Information shown
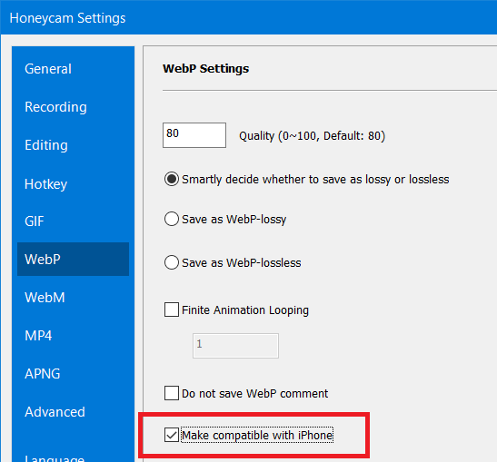 Just check the option [Make compatible with iPhone] on WebP settings in Honeycam Settings (Hotkey: F5). Actually, this option is the default setting so you don't have to touch anything. In case, your Honeycam doesn't show this option, please update Honeycam to the latest version.
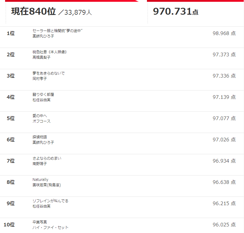 昨日のヒトカラでこれまでの最高得点が伸びました。
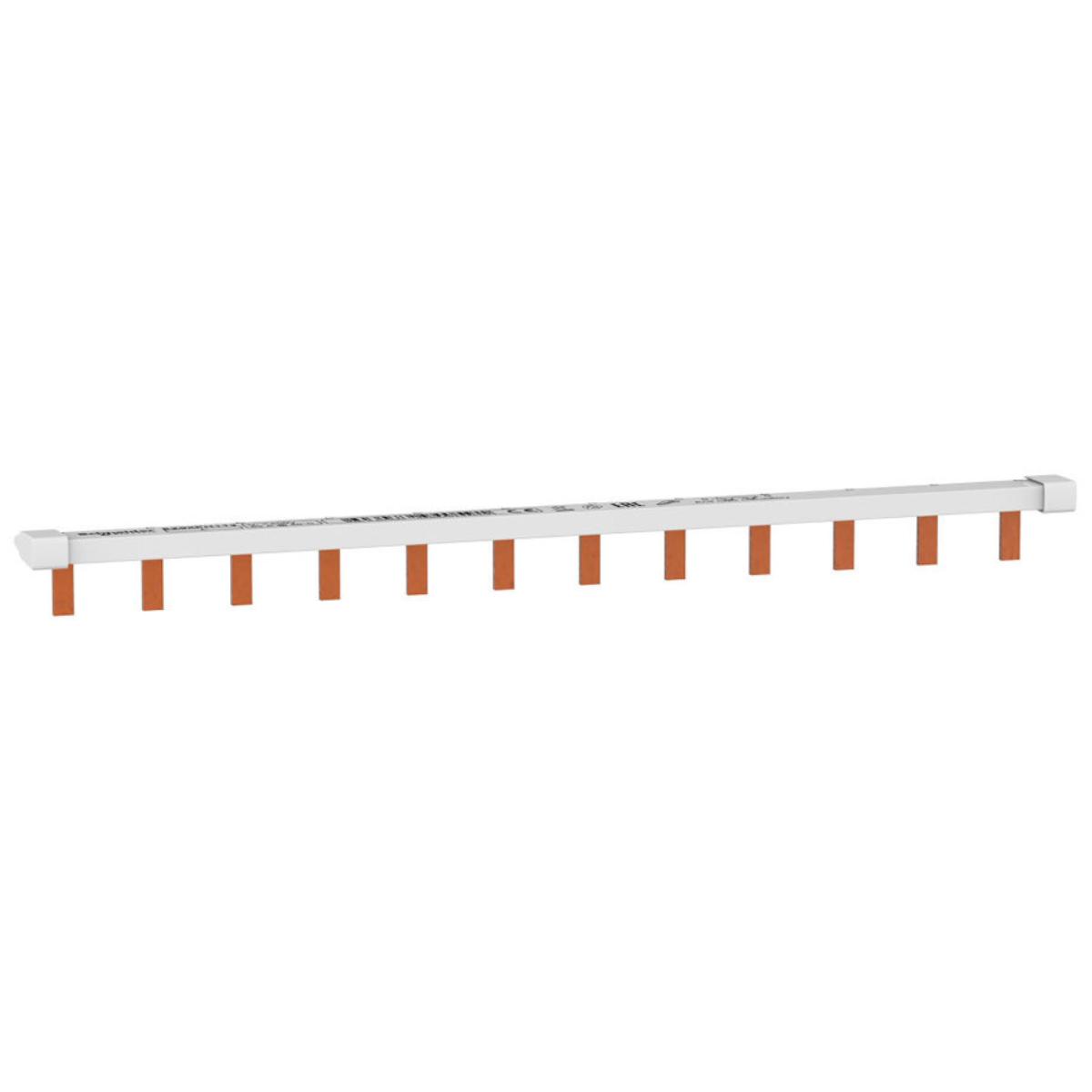 Гребенова шина за устройства от серия Schneider Electric серия Easy9, еднополюсна, 12 модула по 18 мм, номинален ток 63 A, тип конектор – PIN (пин), цвят – светло сив.

Assigned task
Exactly restate the lines from the beginning of the data through the line with "昨日のヒトカラでこれまでの最高得点が伸びました。", and no others, keeping pictures out.

Solution to this task
 Just check the option [Make compatible with iPhone] on WebP settings in Honeycam Settings (Hotkey: F5). Actually, this option is the default setting so you don't have to touch anything. In case, your Honeycam doesn't show this option, please update Honeycam to the latest version.
 昨日のヒトカラでこれまでの最高得点が伸びました。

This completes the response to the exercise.